Frustrated with Fain’s long list of demands, Ford CEO Jim
Farley said, “You want us to choose bankruptcy over
supporting our workers.”
Masters said that by making so many
ambitious demands, “Fain may have painted himself in a corner that he can’t get
out of without losing some face.” In other words, even if Fain wins, say, large
wage increases, a cost-of-living adjustment and an end to two tiers, some union
members might nonetheless be angry that he didn’t also win on a
32-hour-workweek, improved pension benefits, a jobs bank and improvements for
temporary workers.
As for politics, it’s also possible Fain has fumbled things.
He has railed against Biden and said that his traditionally Democratic union
was withholding any endorsement from the president, at least for now — moves
that Fain hopes will pressure Biden to do more to ensure high wages at new,
federally subsidized battery plants. But some longtime labor watchers fear that
Fain’s harsh words and non-endorsement will push some UAW members into Trump’s
camp.
“It was a big mistake for Fain to criticize Biden so rudely
and hold off on endorsing,” Katz said. “Biden has been the most pro-union
president of our lifetime.
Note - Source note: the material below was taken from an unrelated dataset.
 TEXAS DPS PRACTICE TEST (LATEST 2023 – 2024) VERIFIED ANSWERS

I think Fain, by using that language, fuels support
for our fascist former president, and I’m scared about that.”
Trump is trying to seize on the
opportunity, saying he will go to Detroit next week to speak to union members.
In response, Fain laid into Trump: “Every fiber of our union is being
poured into fighting the billionaire class and an economy that
enriches people like Donald Trump at the expense of workers.”
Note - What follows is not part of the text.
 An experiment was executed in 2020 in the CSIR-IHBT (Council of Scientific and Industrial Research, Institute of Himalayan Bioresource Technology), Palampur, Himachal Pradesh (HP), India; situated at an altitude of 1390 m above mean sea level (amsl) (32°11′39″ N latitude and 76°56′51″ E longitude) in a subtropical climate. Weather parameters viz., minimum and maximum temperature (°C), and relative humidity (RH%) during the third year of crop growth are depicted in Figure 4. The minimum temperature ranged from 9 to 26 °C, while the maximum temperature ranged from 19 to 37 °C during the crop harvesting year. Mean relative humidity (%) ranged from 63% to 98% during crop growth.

Ultimately for Fain and his union, it all depends on how the
strike concludes.
“He can have a real victory here,” Shaiken said. “But there
has to be an end game, and nobody is clear on his end game.”
Read more: Record Auto
Profits Should be Used to Address Inequality and the Climate Crisis by UAW
President Shawn Fain and Congressman Ro Khanna
Steven Greenhouse, a senior
fellow at the Century Foundation, is a former New York Times labor reporter and
author of Beaten Down, Worked Up: The Past, Present, and Future of
American Labor.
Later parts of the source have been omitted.